3.2 LE NOUVEAU MODÈLE DE DÉTERMINATION DU COÛT DU CAPITAL Conséquence possible des choix de financement, et problématique très souvent associée à celle des choix de financement, le coût du capital représente un facteur déterminant du niveau d'activité économique et de la compétitivité des entreprises. La majorité des volumes de finance proposent d’estimer le coût des fonds propres des entreprises à l’aide du coefficient bêta, une mesure du risque systématique d’un titre par rapport au marché. Le coût des fonds propres est donc évalué à l’aide du CAPM8. Pourtant, cette méthode qui a l’avantage de la simplicité et de l’existence d’une base conceptuelle rigoureuse est contestée, à la fois parce que le modèle fait lui-même l’objet de critiques, mais aussi parce que l’utilisation du CAPM dans les situations de petites entreprises et de firmes de technologies de pointe est à la fois difficile et hasardeuse.
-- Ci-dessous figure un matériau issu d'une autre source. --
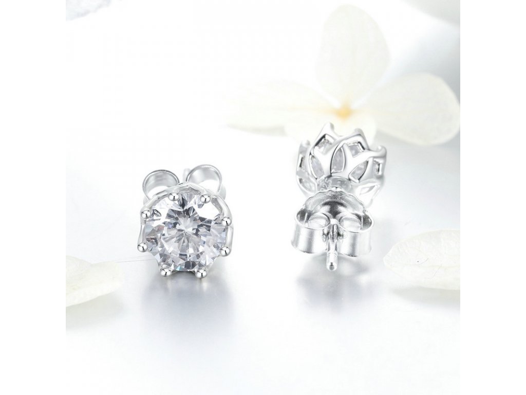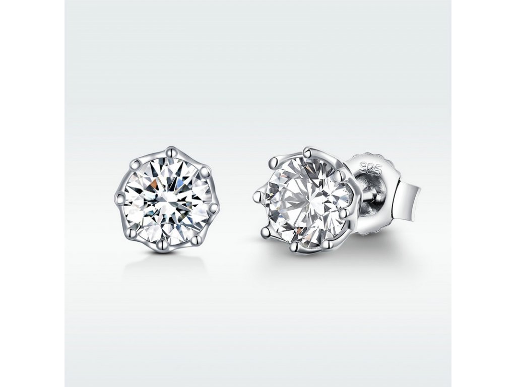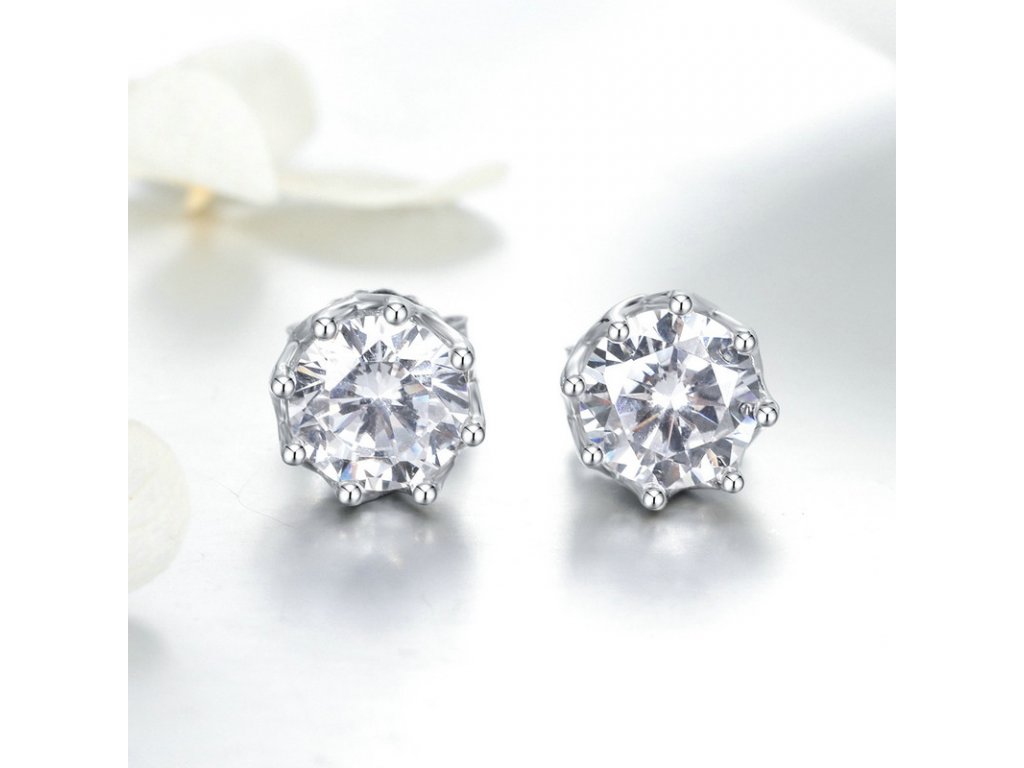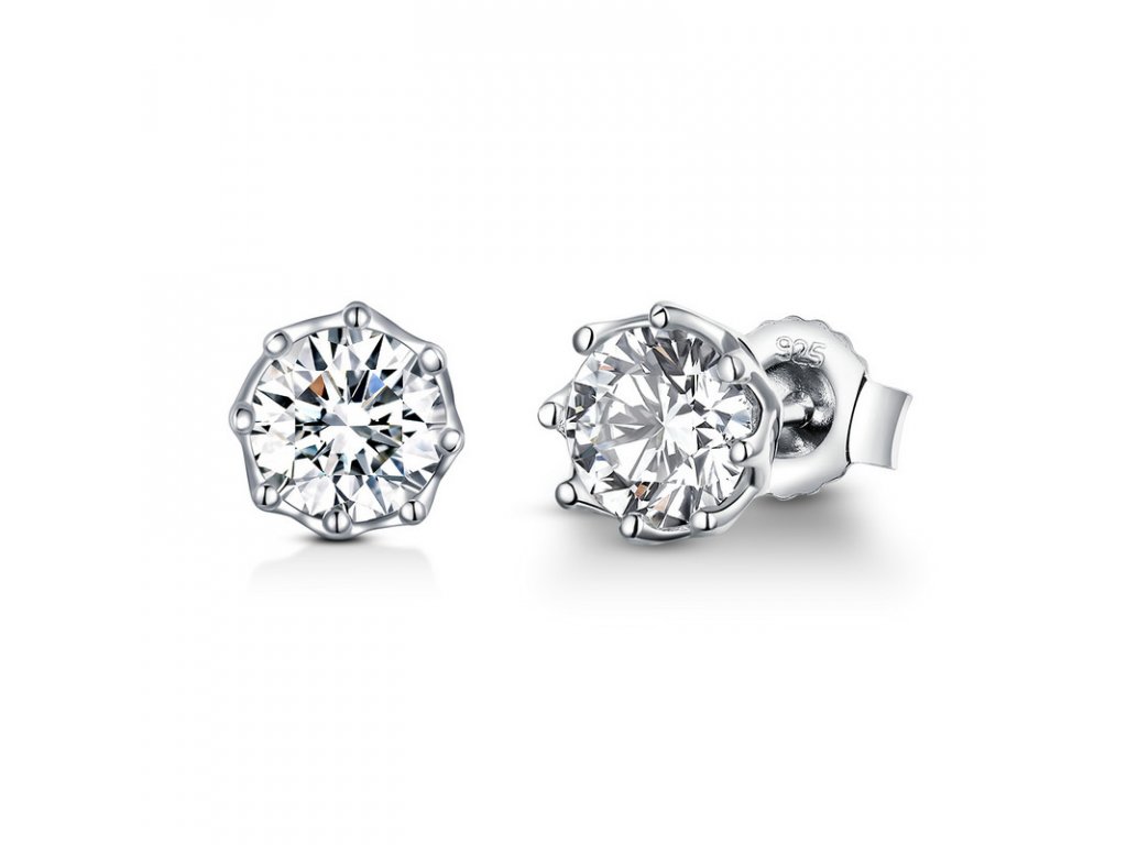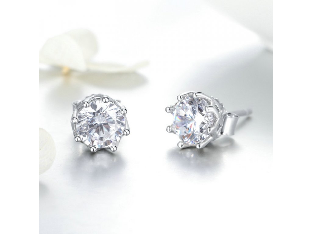 Luxusní stříbrné náušnice v designu jemného křišťálu v podobě broušeného čirého zirkonu. Originální design náušnic, kvalitní zpracování a materiál, ručně dohotovené.

Un modèle dérivé du CAPM, qui découle d’observations empiriques et non d’un modèle théorique, semble s’imposer peu à peu comme outil alternatif du calcul du coût des fonds propres. Il s’agit du modèle à trois facteurs (Three factor pricing model, TFPM) proposé par Fama et French (1992). Le taux de rendement attendu d'un titre serait fonction de la sensibilité du rendement de ce titre à trois facteurs : le rendement du marché, une prime de taille et une autre liée au ratio de la valeur comptable à la valeur marchande des actions, (BE/ME), associée par plusieurs auteurs à un risque de détresse financière (Chan et Chen, 1991). Ce modèle découle de nombreux travaux empiriques qui ont mis en évidence le rendement (anormalement) plus élevé des entreprises de petite taille et de celles dont le ratio BE/ME est élevé (Fama et French, 1992). Ce modèle, issu de constatations empiriques s’impose peu à peu dans le milieu académique (Suret et coll., 2000). L’étude de Graham et Harvey (1999) montre que cette façon d’estimer le coût du

7 40 entreprises sur 176 reconnaissent explicitement se référer à un ratio de dette cible, et 80 mentionnent prendre les décisions de financement selon un ordre hiérarchique. 8 Voir Damodaran (1997, chapitre 6) pour des présentations de cette méthode de calcul, qui est le plus

souvent ajustée pour prendre en considération les variations du niveau d’endettement.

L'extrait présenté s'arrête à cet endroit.